By some miracle, my kids have managed to make it to the ripe old ages of ten and twelve without me being subjected to a sleepover.

Last night that streak ended…and so did my sanity.

For the last three years, my kids have “organized” sleepovers that have always managed to fall-through. Usually in the form that my child and the other children made all of these plans, but forgot one crucial component: forgot to ask their parents! Sometimes I was asked and the other mother wasn’t and sometimes it was the other way around. So, last week when I was asked if two Hooligans from a few blocks away could come stay the night the first night of Christmas break, I said, “Sure.” Never in my wildest dreams thinking it would happen.

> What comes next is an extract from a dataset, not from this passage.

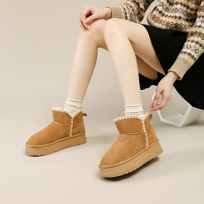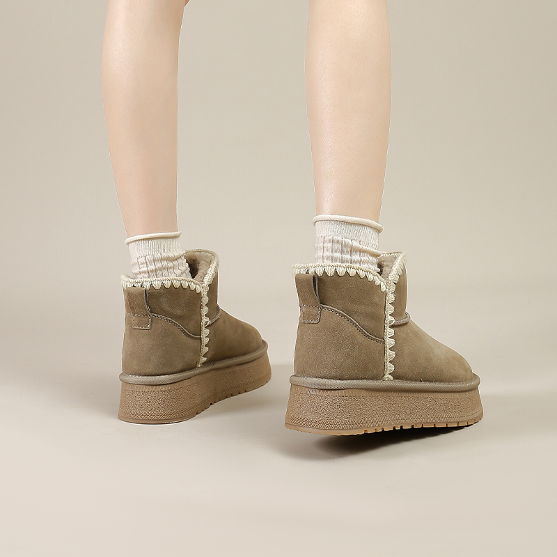 Baidu百渡新款冬季厚底雪地靴女棉鞋加厚加绒保暖棉鞋增高短靴

Oh, I was wrong.  IT happened.

Now, before I give you all the dirty details, I will openly admit that I know that overall this was VERY MILD compared to what some people endure, but for me and my first experience, I was ready to pull out my hair–not not just the grey ones.

Here’s a rundown of events:

5 pm–Hooligans arrive. I start making pizza.

5:20–Hooligan #1 poops something the size of a baby in our toilet. This hooligan will forevermore be referred to as Pooper.

5:25–Eddie informs me that Pooper is ticked because Henry and Hooligan 2 commented on the size of Pooper’s deposit. Pooper threatened to go home. (Sounds bad, but I would have been fine with that.) I talked to the boys about remembering we’ve all been constipated before. It’ll be OK, let it go.  (Clearly this kid let one go.)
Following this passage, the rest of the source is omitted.